» DATA EXTRACT:
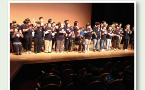
福祉と映画の集い
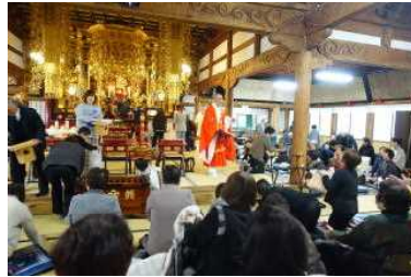
1月26日お日待・節分会【豆撒き】

お日待節分会は、例年通り行いましたが、三月涅槃会より新型コロナウイルス感染拡大により、すべての行事は、縮小して行われました。寺総代役員・佛教婦人会の皆さまにご協力いただき行事を行うことができました。誠に有り難うございました。
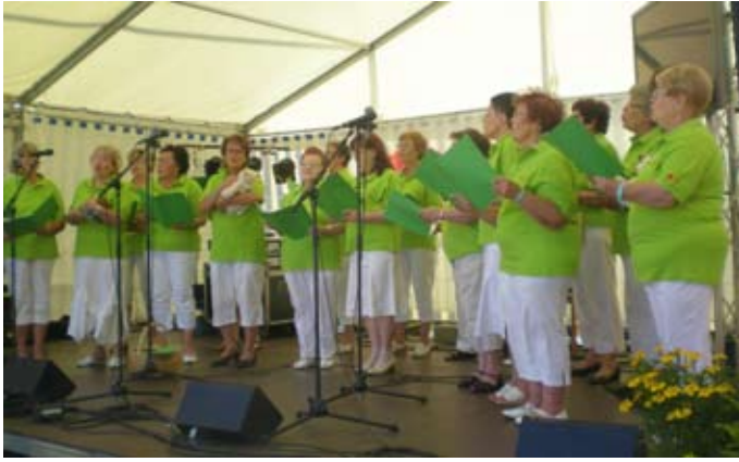
Valkeakosken Työväenopiston Naiskuoro herkisti yleisön lastenlauluilla.

nuori. Ohjelmassa kuulumme kaikki tutut laulut Kodin laittajasta Sairaaseen karhunpoikaan yleisöön oppoavina esityksinä.
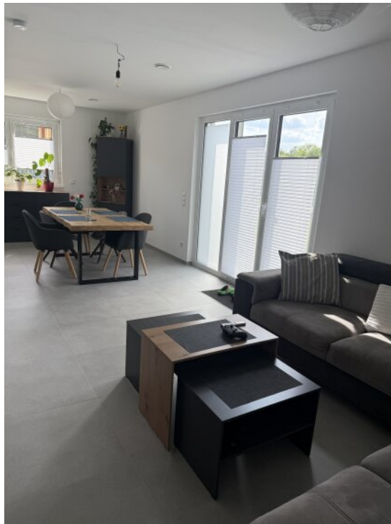
Ess und Wohnzimmerbereich
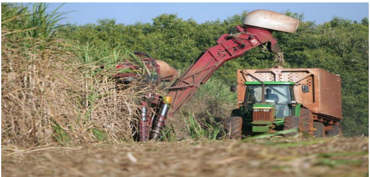
Figura 6: Colheita da Cana-de-Açúcar

O processo produtivo final da empresa é a colheita, como dito anteriormente em outro capítulo, este processo é negociado no ato da venda da cana a fim de evitar e repassar o trabalho deste processo. A usina compradora dos produtos faz o corte das canas com colhedoras (imagem abaixo) e equipamentos mecanizados com tecnologia que facilitam e agilizam a colheita da cana, transformando o processo mais viável e facilitado para a T Biazzo Agropecuária S/A.
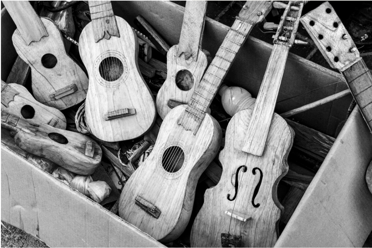
Instrumentos de los hermanos Escribano a la venta, Tlacotalpan, Ver., 2007.
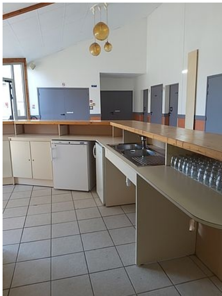
Bar de la grande salle avec ses 150 petits verres
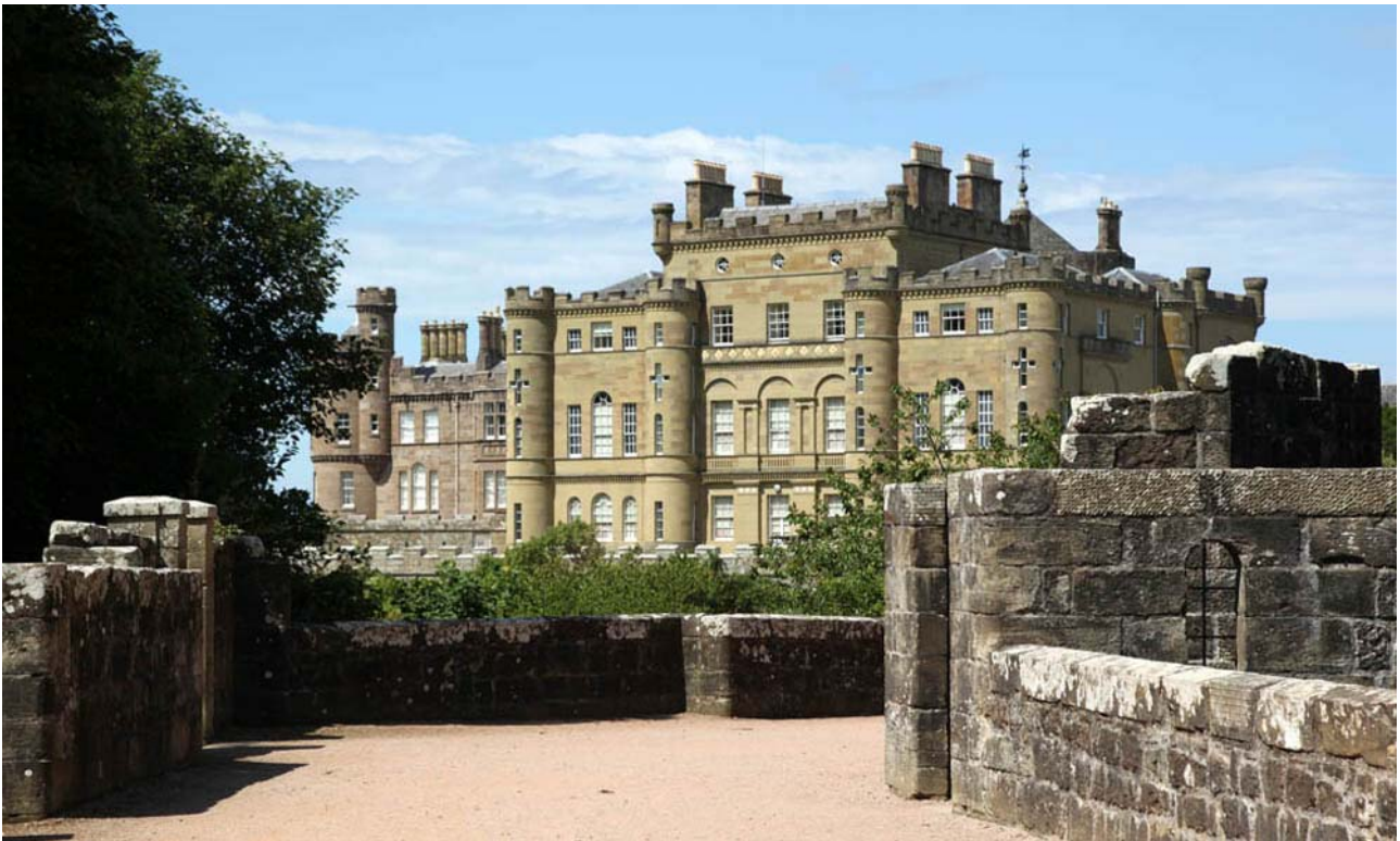
Culzean Castle indfrier alle forventninger om, hvordan en skotsk borg skal se ud.

Dagsprogram for haverejse til Skotland og det nordøstlige England 1. til 6. juli 2012
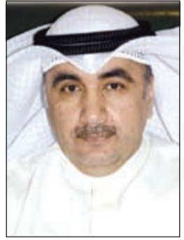
م. فيصل الحساوي

الرياض-كونا: كشف مدير عام الهيئة العامة للزراعة والثروة السمكية م. فيصل الحساوي عن مقترح كويتي لتوحيد فترة حظر صيد الريبان في كل من الكويت والسعودية والبحرين.
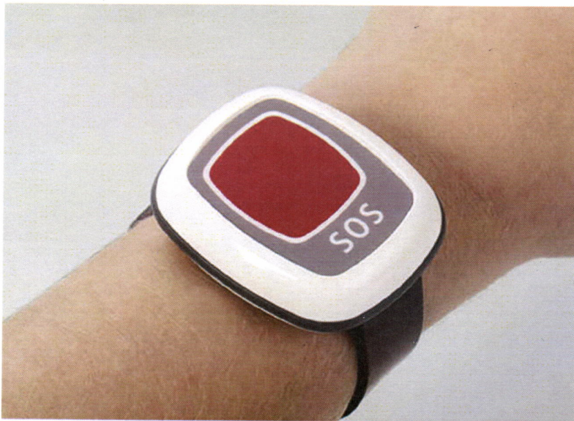
Ein Gehäuse als Beispiel für sehr viele: OKW Gehäusesysteme liefert mittlerweile auch Gehäuse, die am Arm getragen werden können, wie hier für ein Notrufsystem.

trag sind dabei klein. „Wir haben eine durchschnittliche Losgröße von 100“, so Fertigungsleiter Helmut Böhrer. Für alle muss eine konstruktive Anpassung gemacht werden und im Anschluss ein NC-Programm. Ohne CAD/CAM geht das nicht mehr.
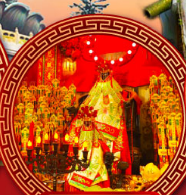
วัดเจ้าแม่กวนอิม ฮ่องกง
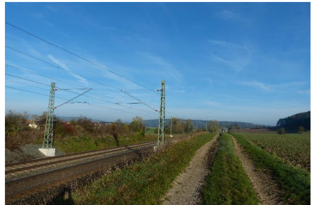
Abbildung 6: Bahn zwischen Teilfläche A und B
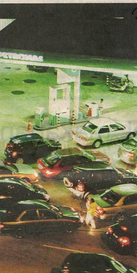
minyak di stesen minyak Petronas Kampung keadaan yang sama berlaku di seluruh negara.
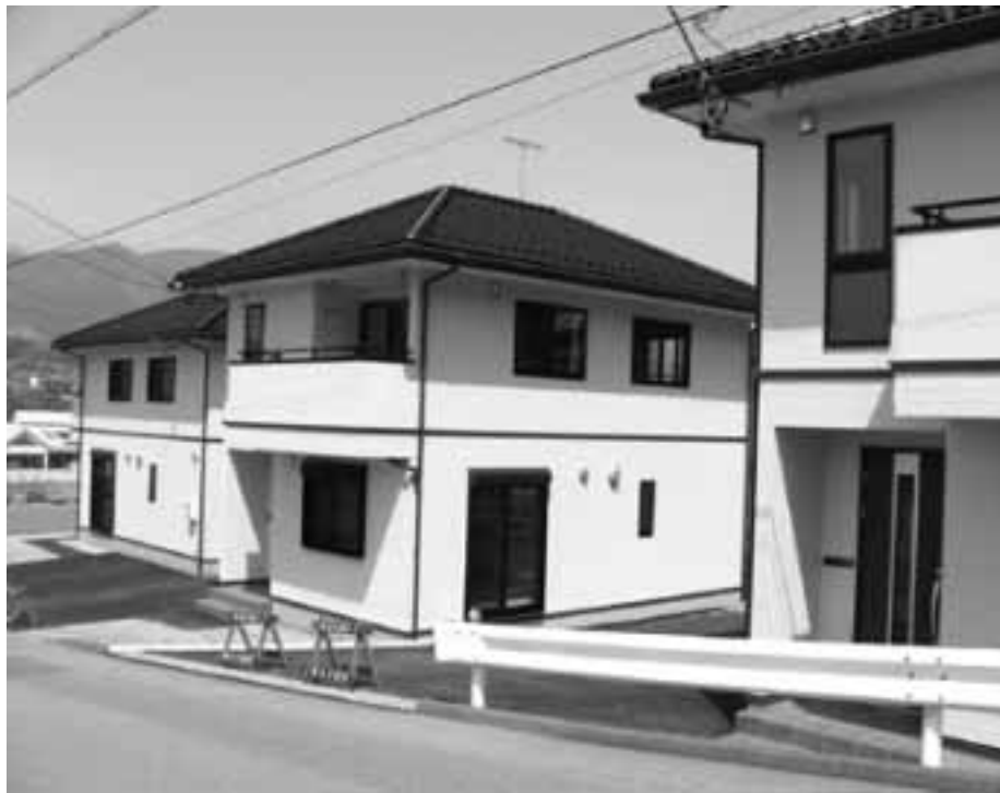
第4弾人口増対策 林里の賃貸住宅完成

丸岡議員 人口対策なら解るが村が出血サービスする必要はない。広く住民に理解されるべきだ。
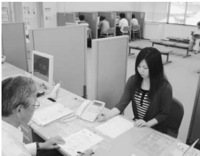
地域職業相談室では、専門の相談員による就職相談や約10万件の求人情報が閲覧できる求人検索システムが利用できます

旧軍人等で恩給等を受けていない恩給欠格者や戦後強制抑留者、引揚者のご本人に、改めて内閣総理大臣名の「特別慰労品」を贈呈しています。 なお、今回は過去に内閣総理大臣名の書状等を受けた方も対象となります。 ※資格要件などの詳細は、お問い合わせください。なお、申請書は市役所社会福祉課で受け取れます 商独立行政法人平和記念事業特別基金 ☎ 120-234-93
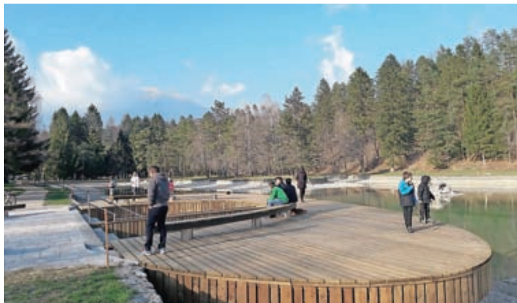
Kamp Šobec so obnavljali vso zimo. Med najbolj privlačnimi pridobitvami je prav gotovo nova lesena ploščad.

»V ozadju hrupa lopat in strojev je potekalo morda še
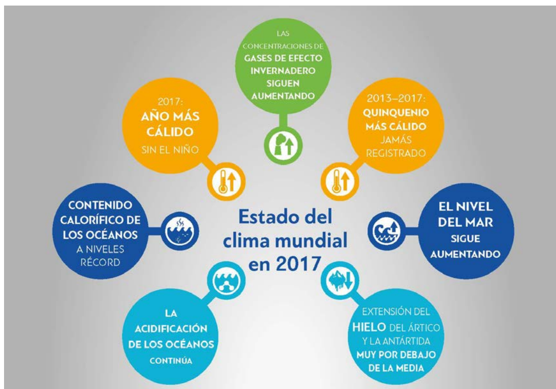
Figura 2 – Principales indicadores del sistema climático utilizados en la Declaración de la OMM (2017)

Las políticas nacionales, al igual que los proyectos e inversiones individuales, cada vez exigen más observaciones climáticas y aportes de la climatología para comprender y abordar los riesgos climáticos. En la actualidad se dispone de una gran cantidad de datos sobre el comportamiento pasado y presente del sistema climático, así como de predicciones y proyecciones sobre su comportamiento futuro a escala mundial, regional y nacional. Los avances en la predicción y la vigilancia del clima logrados en las dos últimas décadas han permitido a la OMM servirse de diversos tipos de datos para caracterizar el sistema climático pasado, presente y el futuro. Esa información ayuda a las sociedades a prepararse mejor para los fenómenos meteorológicos y climáticos extremos y a reducir su vulnerabilidad frente a ellos, e incluye:
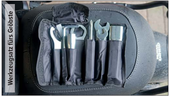
Werkzeugsatz fürs Größte
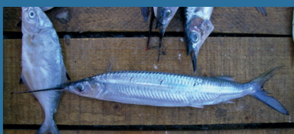
Hemiramphus far
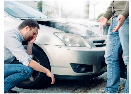
Auch nach kleinen Karambolagen müssen sich Schädiger und Geschädigter mit der oft mühsamen Unfallabwicklung befassen.
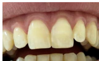
Control clínico y rx 9 meses
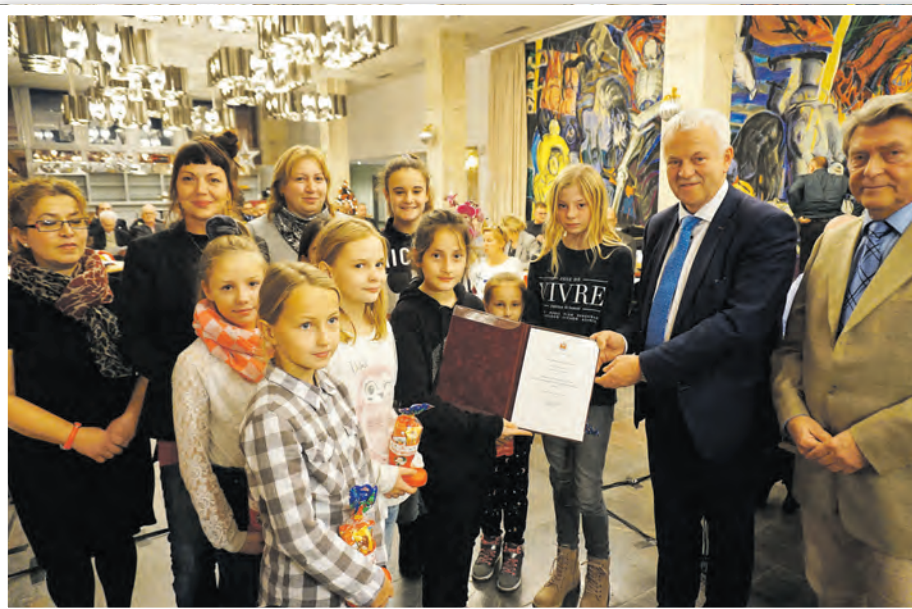
Der Mädchentreff erhielt für das Projekt „Gärtnern in der Stadt“ den Umwelt- und Naturschutzpreis 2018.

Eine Jury unter Vorsitz des Bürgermeisters wird anschließend alle eingegangenen Bewerbungen begutachten. Die Preisverleihung ist im Rahmen der öffentlichen Stadtverordnetenversammlung am 9. Dezember 2020 vorgesehen.
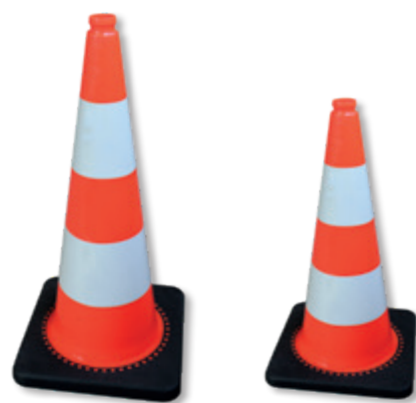
ZT Reflex 750
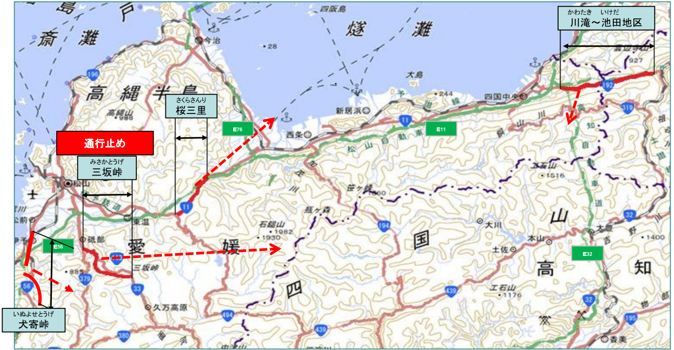
この地図は、国土地理院の地理院地図に加筆したものである。
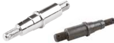
Yan Gövde Pernosu ШПЛИНТ БОКОВОГО КОРПУСА SIDE BODY PIN
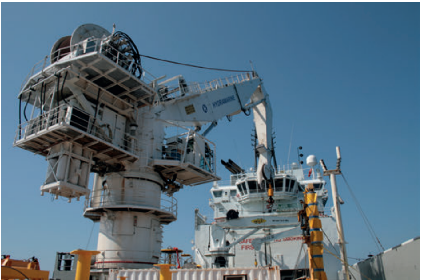
Umborð á Olympic Intervention
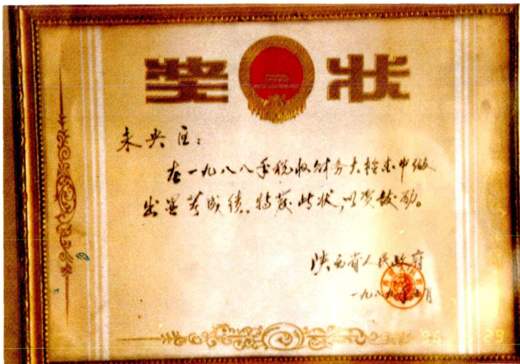
未央区财政局在1988年税收财务大检查中获得优异成绩,陕西省人民政府颁发奖状
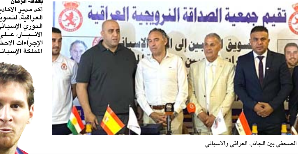
جانب من المؤتمر الصحفي بين الجانب العراقي والاسباني

» TASK INSTRUCTIONS: The expected output is every record above, copied exactly, without pictures.

» RESULT OF THIS EXERCISE:
福祉と映画の集い
1月26日お日待・節分会【豆撒き】

お日待節分会は、例年通り行いましたが、三月涅槃会より新型コロナウイルス感染拡大により、すべての行事は、縮小して行われました。寺総代役員・佛教婦人会の皆さまにご協力いただき行事を行うことができました。誠に有り難うございました。
Valkeakosken Työväenopiston Naiskuoro herkisti yleisön lastenlauluilla.

nuori. Ohjelmassa kuulumme kaikki tutut laulut Kodin laittajasta Sairaaseen karhunpoikaan yleisöön oppoavina esityksinä.
Ess und Wohnzimmerbereich
Figura 6: Colheita da Cana-de-Açúcar

O processo produtivo final da empresa é a colheita, como dito anteriormente em outro capítulo, este processo é negociado no ato da venda da cana a fim de evitar e repassar o trabalho deste processo. A usina compradora dos produtos faz o corte das canas com colhedoras (imagem abaixo) e equipamentos mecanizados com tecnologia que facilitam e agilizam a colheita da cana, transformando o processo mais viável e facilitado para a T Biazzo Agropecuária S/A.
Instrumentos de los hermanos Escribano a la venta, Tlacotalpan, Ver., 2007.
Bar de la grande salle avec ses 150 petits verres
Culzean Castle indfrier alle forventninger om, hvordan en skotsk borg skal se ud.

Dagsprogram for haverejse til Skotland og det nordøstlige England 1. til 6. juli 2012
م. فيصل الحساوي

الرياض-كونا: كشف مدير عام الهيئة العامة للزراعة والثروة السمكية م. فيصل الحساوي عن مقترح كويتي لتوحيد فترة حظر صيد الريبان في كل من الكويت والسعودية والبحرين.
Ein Gehäuse als Beispiel für sehr viele: OKW Gehäusesysteme liefert mittlerweile auch Gehäuse, die am Arm getragen werden können, wie hier für ein Notrufsystem.

trag sind dabei klein. „Wir haben eine durchschnittliche Losgröße von 100“, so Fertigungsleiter Helmut Böhrer. Für alle muss eine konstruktive Anpassung gemacht werden und im Anschluss ein NC-Programm. Ohne CAD/CAM geht das nicht mehr.
วัดเจ้าแม่กวนอิม ฮ่องกง
Abbildung 6: Bahn zwischen Teilfläche A und B
minyak di stesen minyak Petronas Kampung keadaan yang sama berlaku di seluruh negara.
第4弾人口増対策 林里の賃貸住宅完成

丸岡議員 人口対策なら解るが村が出血サービスする必要はない。広く住民に理解されるべきだ。
地域職業相談室では、専門の相談員による就職相談や約10万件の求人情報が閲覧できる求人検索システムが利用できます

旧軍人等で恩給等を受けていない恩給欠格者や戦後強制抑留者、引揚者のご本人に、改めて内閣総理大臣名の「特別慰労品」を贈呈しています。 なお、今回は過去に内閣総理大臣名の書状等を受けた方も対象となります。 ※資格要件などの詳細は、お問い合わせください。なお、申請書は市役所社会福祉課で受け取れます 商独立行政法人平和記念事業特別基金 ☎ 120-234-93
Kamp Šobec so obnavljali vso zimo. Med najbolj privlačnimi pridobitvami je prav gotovo nova lesena ploščad.

»V ozadju hrupa lopat in strojev je potekalo morda še
Figura 2 – Principales indicadores del sistema climático utilizados en la Declaración de la OMM (2017)

Las políticas nacionales, al igual que los proyectos e inversiones individuales, cada vez exigen más observaciones climáticas y aportes de la climatología para comprender y abordar los riesgos climáticos. En la actualidad se dispone de una gran cantidad de datos sobre el comportamiento pasado y presente del sistema climático, así como de predicciones y proyecciones sobre su comportamiento futuro a escala mundial, regional y nacional. Los avances en la predicción y la vigilancia del clima logrados en las dos últimas décadas han permitido a la OMM servirse de diversos tipos de datos para caracterizar el sistema climático pasado, presente y el futuro. Esa información ayuda a las sociedades a prepararse mejor para los fenómenos meteorológicos y climáticos extremos y a reducir su vulnerabilidad frente a ellos, e incluye:
Werkzeugsatz fürs Größte
Hemiramphus far
Auch nach kleinen Karambolagen müssen sich Schädiger und Geschädigter mit der oft mühsamen Unfallabwicklung befassen.
Control clínico y rx 9 meses
Der Mädchentreff erhielt für das Projekt „Gärtnern in der Stadt“ den Umwelt- und Naturschutzpreis 2018.

Eine Jury unter Vorsitz des Bürgermeisters wird anschließend alle eingegangenen Bewerbungen begutachten. Die Preisverleihung ist im Rahmen der öffentlichen Stadtverordnetenversammlung am 9. Dezember 2020 vorgesehen.
ZT Reflex 750
この地図は、国土地理院の地理院地図に加筆したものである。
Yan Gövde Pernosu ШПЛИНТ БОКОВОГО КОРПУСА SIDE BODY PIN
Umborð á Olympic Intervention
未央区财政局在1988年税收财务大检查中获得优异成绩,陕西省人民政府颁发奖状
جانب من المؤتمر الصحفي بين الجانب العراقي والاسباني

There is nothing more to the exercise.